- Work order -
From the first line to the last, print the material exactly, skipping the pictures.

- Records to process -
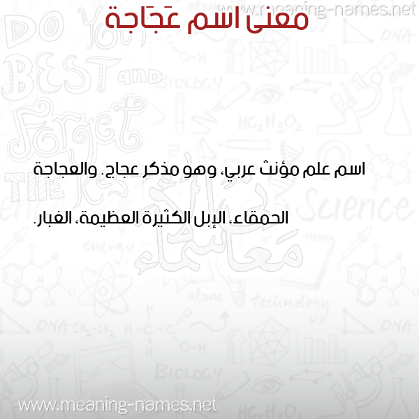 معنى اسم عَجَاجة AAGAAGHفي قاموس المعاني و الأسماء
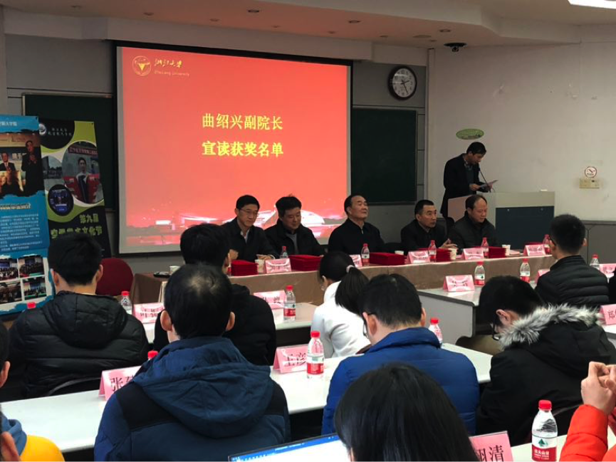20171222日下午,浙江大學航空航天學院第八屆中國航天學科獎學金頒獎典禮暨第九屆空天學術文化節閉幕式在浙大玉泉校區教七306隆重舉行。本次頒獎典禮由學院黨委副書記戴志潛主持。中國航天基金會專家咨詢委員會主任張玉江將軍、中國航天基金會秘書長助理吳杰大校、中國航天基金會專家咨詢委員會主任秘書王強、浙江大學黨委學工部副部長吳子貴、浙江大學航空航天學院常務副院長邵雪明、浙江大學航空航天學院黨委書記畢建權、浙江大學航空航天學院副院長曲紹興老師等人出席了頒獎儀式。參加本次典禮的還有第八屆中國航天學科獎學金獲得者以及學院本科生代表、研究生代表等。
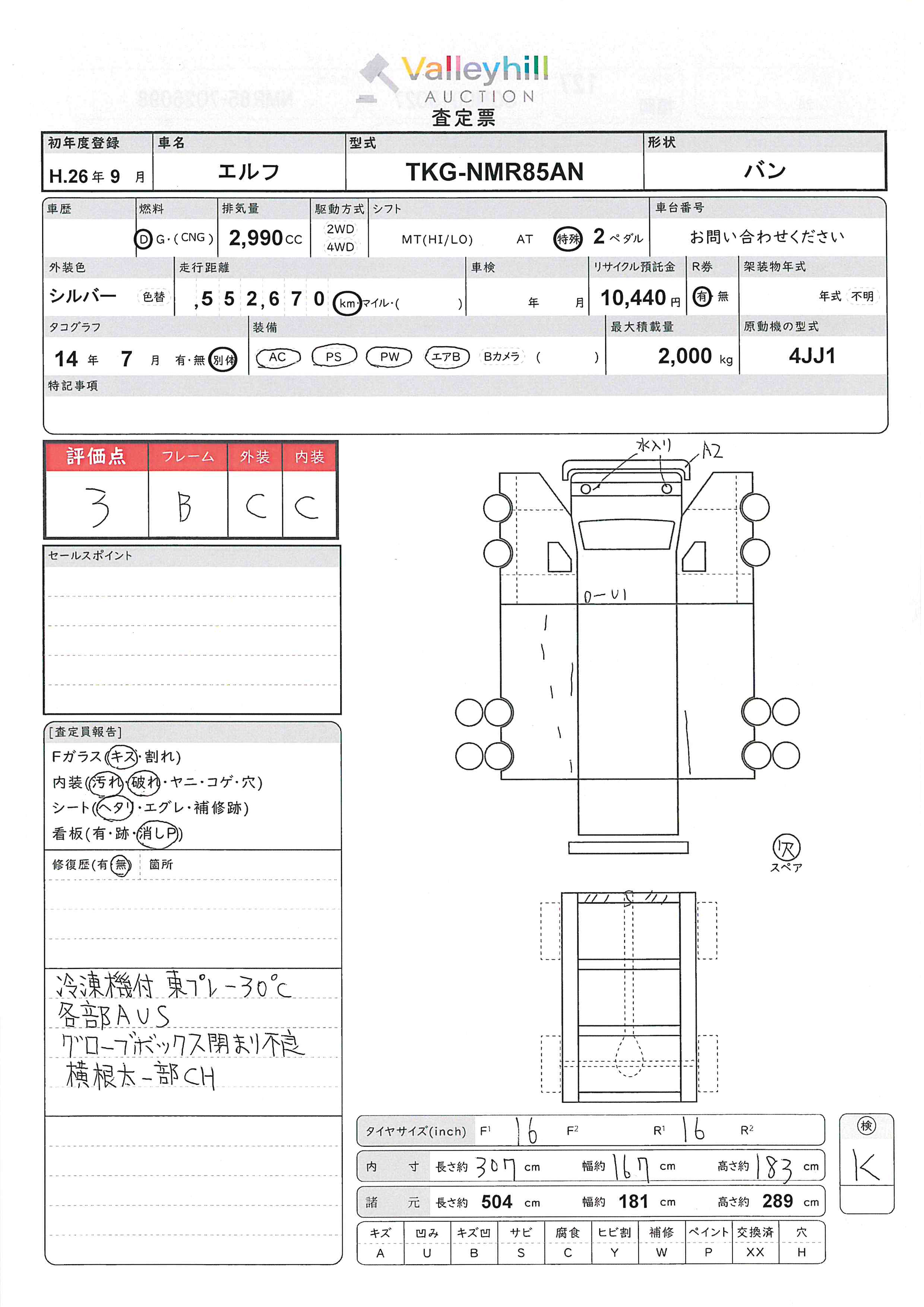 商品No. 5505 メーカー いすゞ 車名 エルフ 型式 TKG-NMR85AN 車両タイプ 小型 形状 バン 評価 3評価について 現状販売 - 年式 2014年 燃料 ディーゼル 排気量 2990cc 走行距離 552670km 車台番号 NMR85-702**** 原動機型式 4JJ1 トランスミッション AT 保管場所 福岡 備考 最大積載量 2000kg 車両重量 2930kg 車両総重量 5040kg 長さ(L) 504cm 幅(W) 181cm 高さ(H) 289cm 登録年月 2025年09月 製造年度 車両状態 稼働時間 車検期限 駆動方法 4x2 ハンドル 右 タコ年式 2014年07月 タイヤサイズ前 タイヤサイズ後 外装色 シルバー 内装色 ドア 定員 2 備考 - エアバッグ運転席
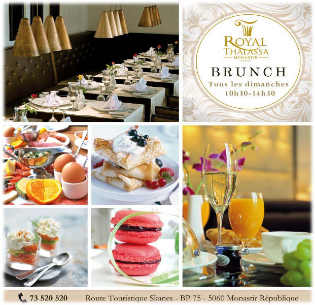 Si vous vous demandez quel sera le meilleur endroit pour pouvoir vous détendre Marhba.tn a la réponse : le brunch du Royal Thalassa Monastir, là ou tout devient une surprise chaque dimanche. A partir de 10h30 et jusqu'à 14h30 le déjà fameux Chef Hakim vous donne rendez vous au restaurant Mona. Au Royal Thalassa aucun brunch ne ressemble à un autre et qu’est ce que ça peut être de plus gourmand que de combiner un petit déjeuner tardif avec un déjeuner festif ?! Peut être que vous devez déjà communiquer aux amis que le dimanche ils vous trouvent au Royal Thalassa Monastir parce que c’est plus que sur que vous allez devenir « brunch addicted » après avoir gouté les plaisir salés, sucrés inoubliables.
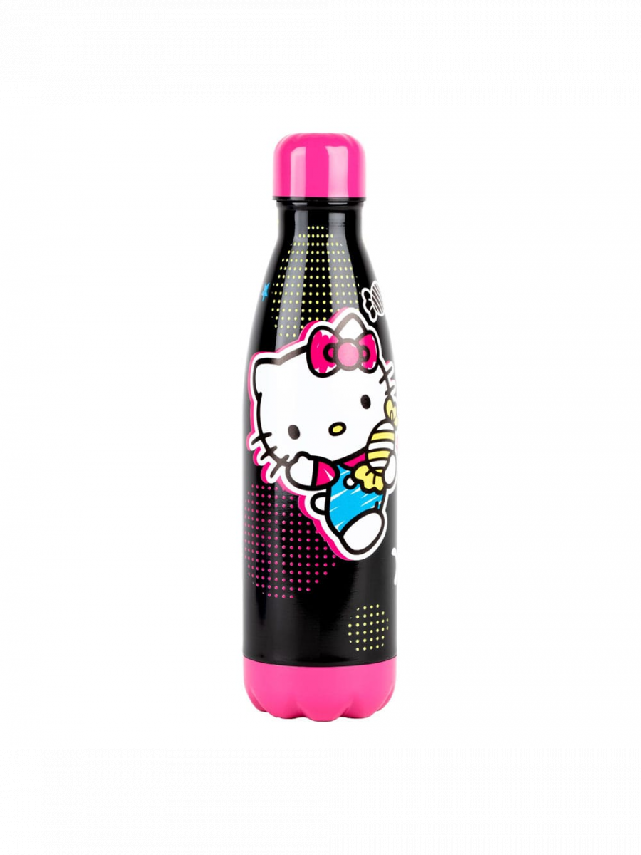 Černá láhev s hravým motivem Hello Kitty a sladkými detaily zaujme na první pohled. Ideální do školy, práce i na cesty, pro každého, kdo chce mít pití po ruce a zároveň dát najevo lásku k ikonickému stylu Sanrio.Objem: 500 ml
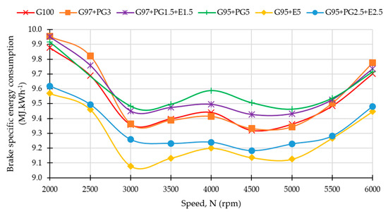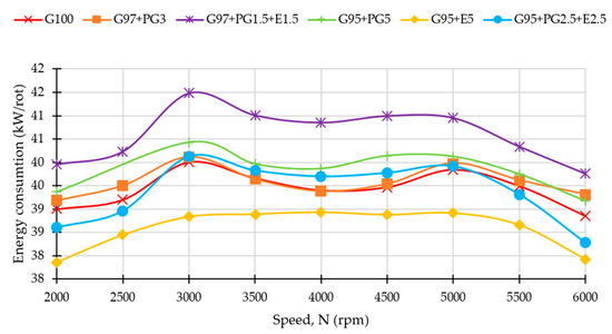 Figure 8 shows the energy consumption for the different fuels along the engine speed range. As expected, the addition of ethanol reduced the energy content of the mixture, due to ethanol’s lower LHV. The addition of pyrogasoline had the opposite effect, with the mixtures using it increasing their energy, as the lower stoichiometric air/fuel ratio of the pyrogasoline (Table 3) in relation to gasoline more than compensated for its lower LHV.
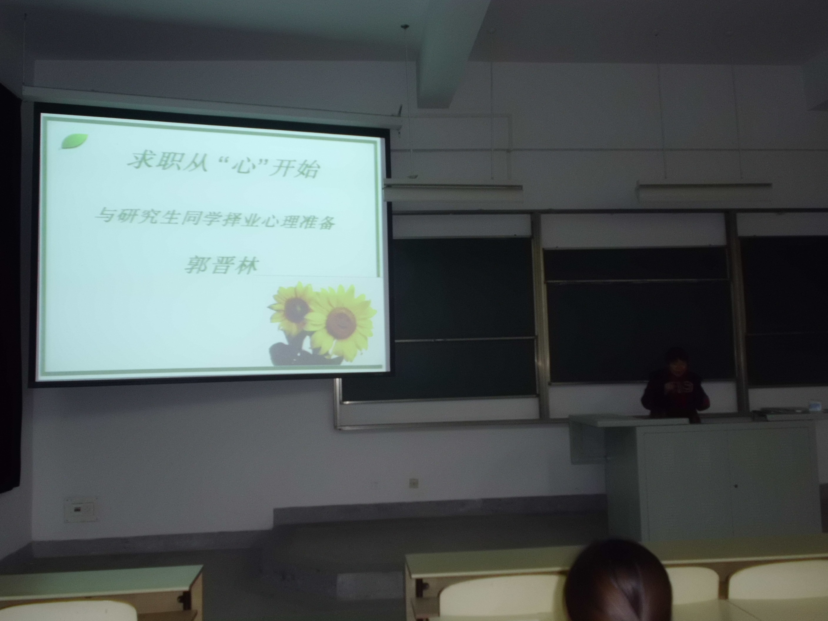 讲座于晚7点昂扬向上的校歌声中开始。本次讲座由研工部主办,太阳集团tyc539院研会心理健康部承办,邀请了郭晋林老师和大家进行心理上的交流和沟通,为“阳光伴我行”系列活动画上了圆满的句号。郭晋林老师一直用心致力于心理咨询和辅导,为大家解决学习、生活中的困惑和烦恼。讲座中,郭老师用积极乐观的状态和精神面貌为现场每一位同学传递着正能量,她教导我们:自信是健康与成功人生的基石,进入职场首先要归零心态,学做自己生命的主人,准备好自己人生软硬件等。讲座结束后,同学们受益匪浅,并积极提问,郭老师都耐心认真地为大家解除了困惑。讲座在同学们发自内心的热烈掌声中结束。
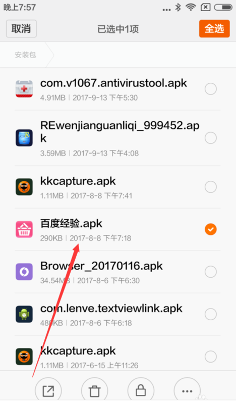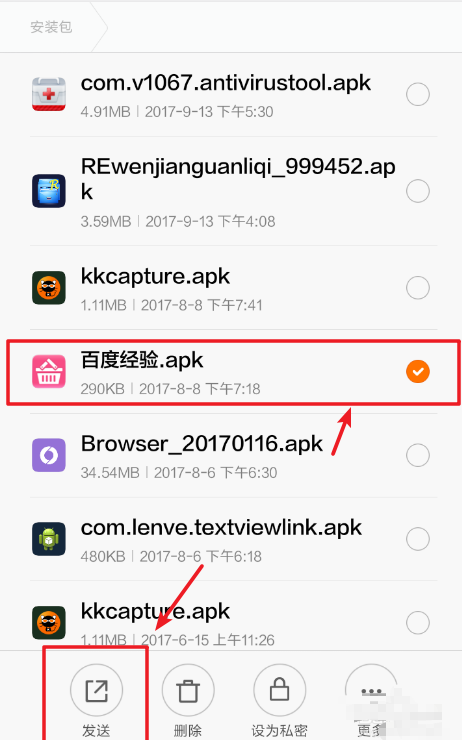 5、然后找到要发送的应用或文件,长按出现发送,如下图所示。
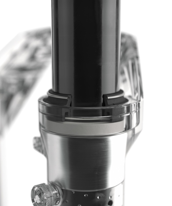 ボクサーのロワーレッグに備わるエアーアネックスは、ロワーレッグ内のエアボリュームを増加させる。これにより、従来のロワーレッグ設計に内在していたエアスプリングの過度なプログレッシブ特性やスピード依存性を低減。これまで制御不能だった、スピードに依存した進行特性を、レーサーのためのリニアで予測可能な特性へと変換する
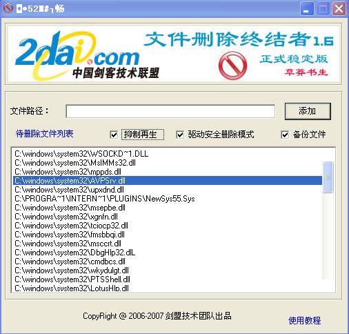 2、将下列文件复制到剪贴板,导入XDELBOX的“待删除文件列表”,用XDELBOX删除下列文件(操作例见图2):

- Exercise output -
 معنى اسم عَجَاجة AAGAAGHفي قاموس المعاني و الأسماء
20171222日下午,浙江大學航空航天學院第八屆中國航天學科獎學金頒獎典禮暨第九屆空天學術文化節閉幕式在浙大玉泉校區教七306隆重舉行。本次頒獎典禮由學院黨委副書記戴志潛主持。中國航天基金會專家咨詢委員會主任張玉江將軍、中國航天基金會秘書長助理吳杰大校、中國航天基金會專家咨詢委員會主任秘書王強、浙江大學黨委學工部副部長吳子貴、浙江大學航空航天學院常務副院長邵雪明、浙江大學航空航天學院黨委書記畢建權、浙江大學航空航天學院副院長曲紹興老師等人出席了頒獎儀式。參加本次典禮的還有第八屆中國航天學科獎學金獲得者以及學院本科生代表、研究生代表等。
 商品No. 5505 メーカー いすゞ 車名 エルフ 型式 TKG-NMR85AN 車両タイプ 小型 形状 バン 評価 3評価について 現状販売 - 年式 2014年 燃料 ディーゼル 排気量 2990cc 走行距離 552670km 車台番号 NMR85-702**** 原動機型式 4JJ1 トランスミッション AT 保管場所 福岡 備考 最大積載量 2000kg 車両重量 2930kg 車両総重量 5040kg 長さ(L) 504cm 幅(W) 181cm 高さ(H) 289cm 登録年月 2025年09月 製造年度 車両状態 稼働時間 車検期限 駆動方法 4x2 ハンドル 右 タコ年式 2014年07月 タイヤサイズ前 タイヤサイズ後 外装色 シルバー 内装色 ドア 定員 2 備考 - エアバッグ運転席
 Si vous vous demandez quel sera le meilleur endroit pour pouvoir vous détendre Marhba.tn a la réponse : le brunch du Royal Thalassa Monastir, là ou tout devient une surprise chaque dimanche. A partir de 10h30 et jusqu'à 14h30 le déjà fameux Chef Hakim vous donne rendez vous au restaurant Mona. Au Royal Thalassa aucun brunch ne ressemble à un autre et qu’est ce que ça peut être de plus gourmand que de combiner un petit déjeuner tardif avec un déjeuner festif ?! Peut être que vous devez déjà communiquer aux amis que le dimanche ils vous trouvent au Royal Thalassa Monastir parce que c’est plus que sur que vous allez devenir « brunch addicted » après avoir gouté les plaisir salés, sucrés inoubliables.
 Černá láhev s hravým motivem Hello Kitty a sladkými detaily zaujme na první pohled. Ideální do školy, práce i na cesty, pro každého, kdo chce mít pití po ruce a zároveň dát najevo lásku k ikonickému stylu Sanrio.Objem: 500 ml
 Figure 8 shows the energy consumption for the different fuels along the engine speed range. As expected, the addition of ethanol reduced the energy content of the mixture, due to ethanol’s lower LHV. The addition of pyrogasoline had the opposite effect, with the mixtures using it increasing their energy, as the lower stoichiometric air/fuel ratio of the pyrogasoline (Table 3) in relation to gasoline more than compensated for its lower LHV.
 讲座于晚7点昂扬向上的校歌声中开始。本次讲座由研工部主办,太阳集团tyc539院研会心理健康部承办,邀请了郭晋林老师和大家进行心理上的交流和沟通,为“阳光伴我行”系列活动画上了圆满的句号。郭晋林老师一直用心致力于心理咨询和辅导,为大家解决学习、生活中的困惑和烦恼。讲座中,郭老师用积极乐观的状态和精神面貌为现场每一位同学传递着正能量,她教导我们:自信是健康与成功人生的基石,进入职场首先要归零心态,学做自己生命的主人,准备好自己人生软硬件等。讲座结束后,同学们受益匪浅,并积极提问,郭老师都耐心认真地为大家解除了困惑。讲座在同学们发自内心的热烈掌声中结束。
 5、然后找到要发送的应用或文件,长按出现发送,如下图所示。
 ボクサーのロワーレッグに備わるエアーアネックスは、ロワーレッグ内のエアボリュームを増加させる。これにより、従来のロワーレッグ設計に内在していたエアスプリングの過度なプログレッシブ特性やスピード依存性を低減。これまで制御不能だった、スピードに依存した進行特性を、レーサーのためのリニアで予測可能な特性へと変換する
 2、将下列文件复制到剪贴板,导入XDELBOX的“待删除文件列表”,用XDELBOX删除下列文件(操作例见图2):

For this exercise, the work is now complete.